All of the data should be restated word for word, with the pictures omitted.

(Information provided)

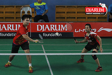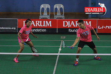 Tedi Supriadi/Devi Tika Permatasari (Djarum Kudus/Berkat Abadi Banjarmasin) Bersiap Menyambar Pengembalian
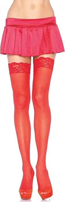 Höj din spetskollektion med dessa röda strumpor från Leg Avenue. Spetskanten ger ett elegant inslag, vilket gör dem för alla outfits.
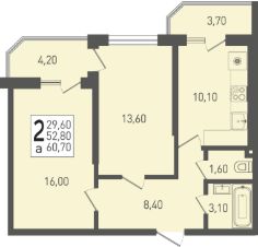 Продаётся 2-комнатная квартира в сданном доме (Литер 1), срок сдачи: I-кв. 2025, общей площадью 60.7 кв.м., на 21 этаже. Новый жилой комплекс "Огурцы" от застройщика "Партнер Инвест Кубань" расположен по адресу Краснодар, посёлок Берёзовый, Целиноградская улица.
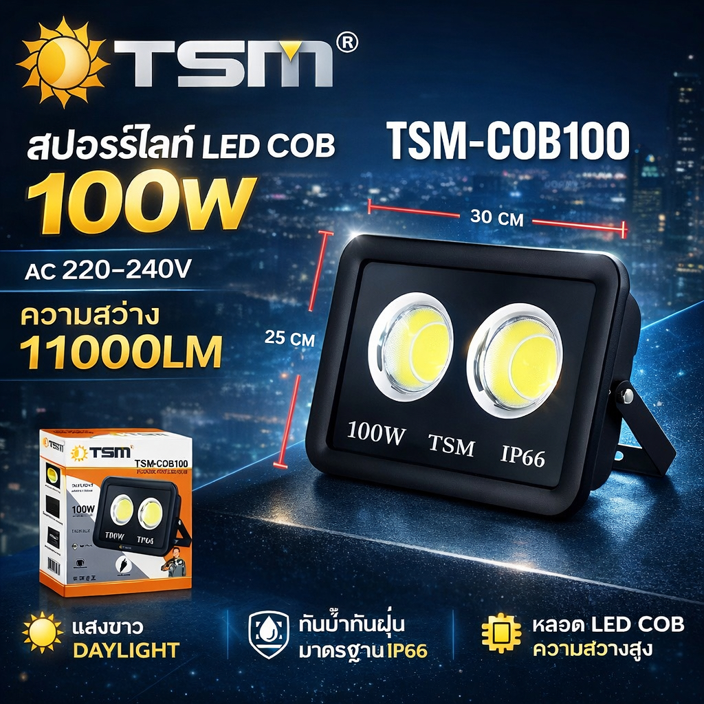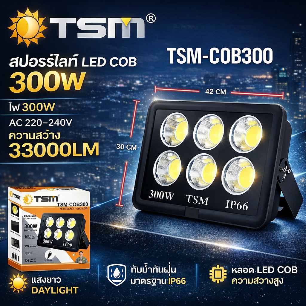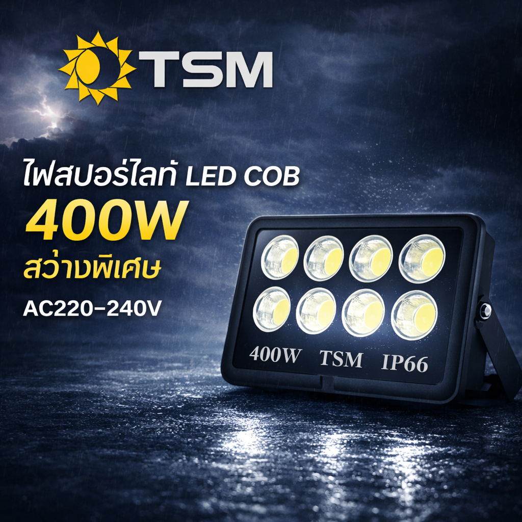 ไฟสปอร์ตไลท์ LED COB 400W สว่างพิเศษ กันน้ำ IP66 ใช้งานกลางแจ้ง โกดัง ฟาร์ม สนามกีฬา
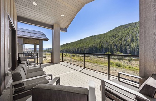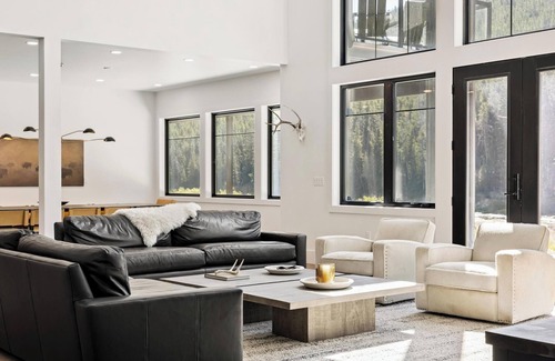 The house sleeps up to 16 and has six spacious bedrooms, each with its own en suite bathroom. Upstairs master suite has a private balcony that overlooks the river, perfect for morning coffee or sunset views you won’t forget. The kitchen is a dream to cook in, with high-end appliances and two dishwashers to make cleanup easy after a big group meal. There’s also a full gym, a game room, and a bar for relaxing or entertaining, plus a 37 foot balcony that looks out over the Big Hole River and the surrounding Pintler Mountains.
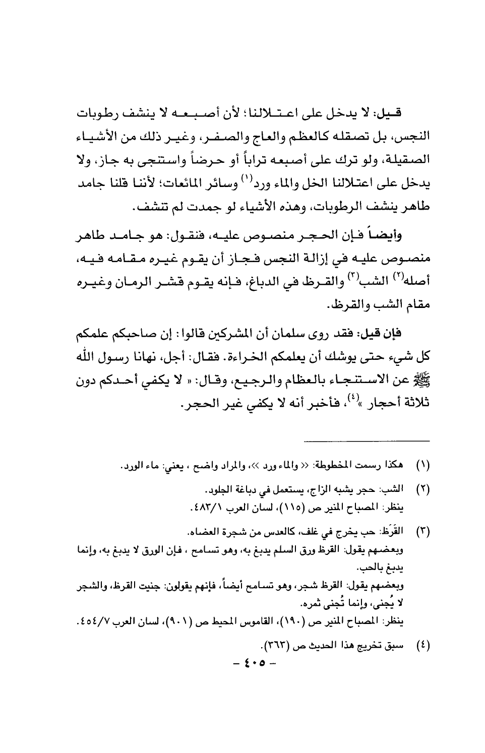 قيل: لا يدخل على اعتلالنا؛ لأن أصبعه لا ينشف رطوبات النجس، بل تصقع كالعظم والعاج والصفر، وغير ذلك من الأشياء الصقيلة، ولو ترك على أصبعه تراباً أو حرضاً واستنجى به جاز، ولا يدخل على اعتلالنا الخل والماء ورد وسائر المائعات؛ لأننا قلنا جامد طاهر ينشف الرطوبات، وهذه الأشياء لو جمدت لم تنشف.
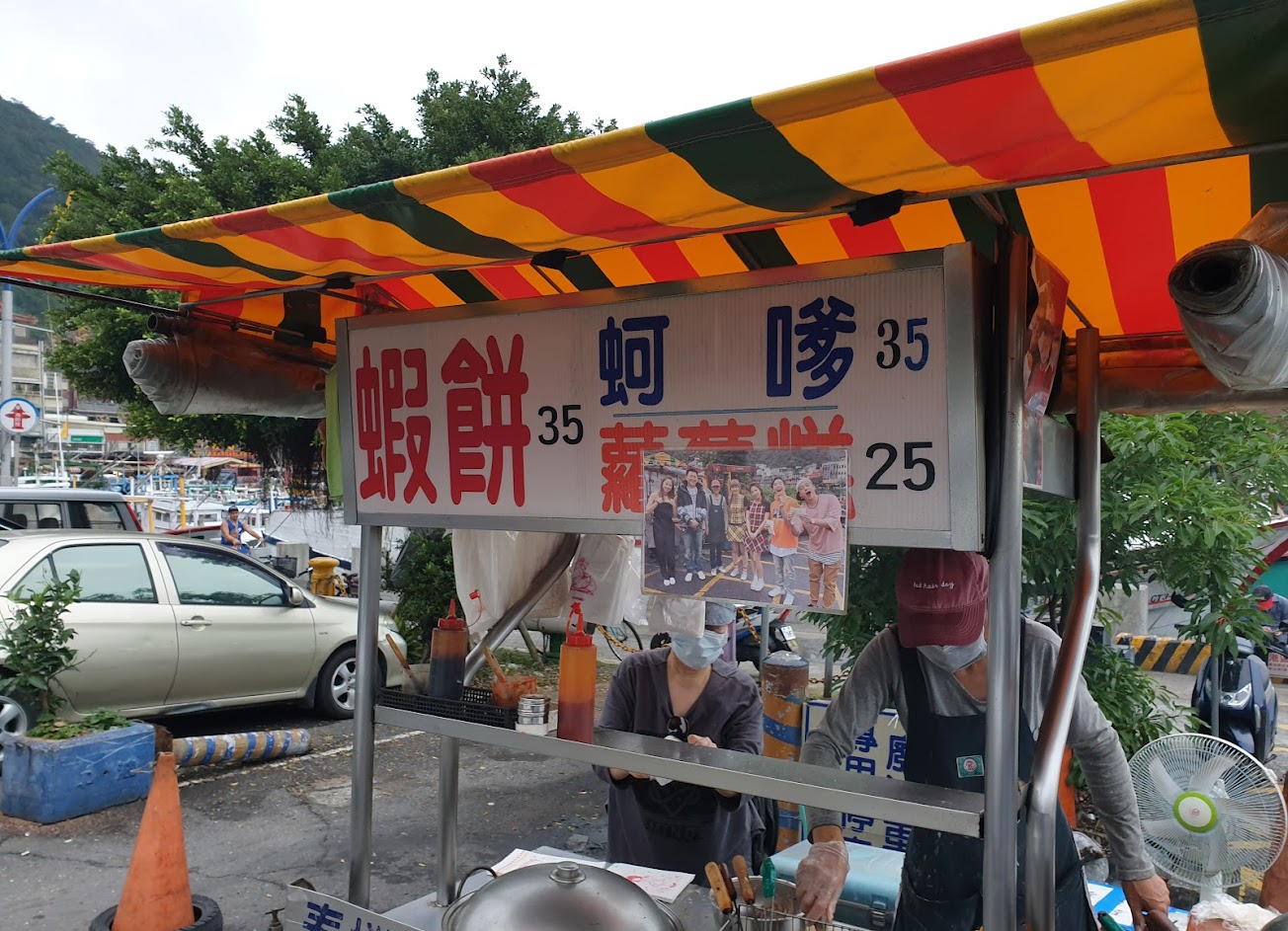 漁港路邊兩老夫妻經營的小攤車,販賣蝦餅,蚵嗲,蘿蔔糕,蝦餅蝦味十足又鮮脆,銅板價格好實在,路邊來回經過都大排長龍,隨性買來吃看看,真的很不錯哦

(End Information provided)

> _Your solution_:
 Tedi Supriadi/Devi Tika Permatasari (Djarum Kudus/Berkat Abadi Banjarmasin) Bersiap Menyambar Pengembalian
 Höj din spetskollektion med dessa röda strumpor från Leg Avenue. Spetskanten ger ett elegant inslag, vilket gör dem för alla outfits.
 Продаётся 2-комнатная квартира в сданном доме (Литер 1), срок сдачи: I-кв. 2025, общей площадью 60.7 кв.м., на 21 этаже. Новый жилой комплекс "Огурцы" от застройщика "Партнер Инвест Кубань" расположен по адресу Краснодар, посёлок Берёзовый, Целиноградская улица.
 ไฟสปอร์ตไลท์ LED COB 400W สว่างพิเศษ กันน้ำ IP66 ใช้งานกลางแจ้ง โกดัง ฟาร์ม สนามกีฬา
 The house sleeps up to 16 and has six spacious bedrooms, each with its own en suite bathroom. Upstairs master suite has a private balcony that overlooks the river, perfect for morning coffee or sunset views you won’t forget. The kitchen is a dream to cook in, with high-end appliances and two dishwashers to make cleanup easy after a big group meal. There’s also a full gym, a game room, and a bar for relaxing or entertaining, plus a 37 foot balcony that looks out over the Big Hole River and the surrounding Pintler Mountains.
 قيل: لا يدخل على اعتلالنا؛ لأن أصبعه لا ينشف رطوبات النجس، بل تصقع كالعظم والعاج والصفر، وغير ذلك من الأشياء الصقيلة، ولو ترك على أصبعه تراباً أو حرضاً واستنجى به جاز، ولا يدخل على اعتلالنا الخل والماء ورد وسائر المائعات؛ لأننا قلنا جامد طاهر ينشف الرطوبات، وهذه الأشياء لو جمدت لم تنشف.
 漁港路邊兩老夫妻經營的小攤車,販賣蝦餅,蚵嗲,蘿蔔糕,蝦餅蝦味十足又鮮脆,銅板價格好實在,路邊來回經過都大排長龍,隨性買來吃看看,真的很不錯哦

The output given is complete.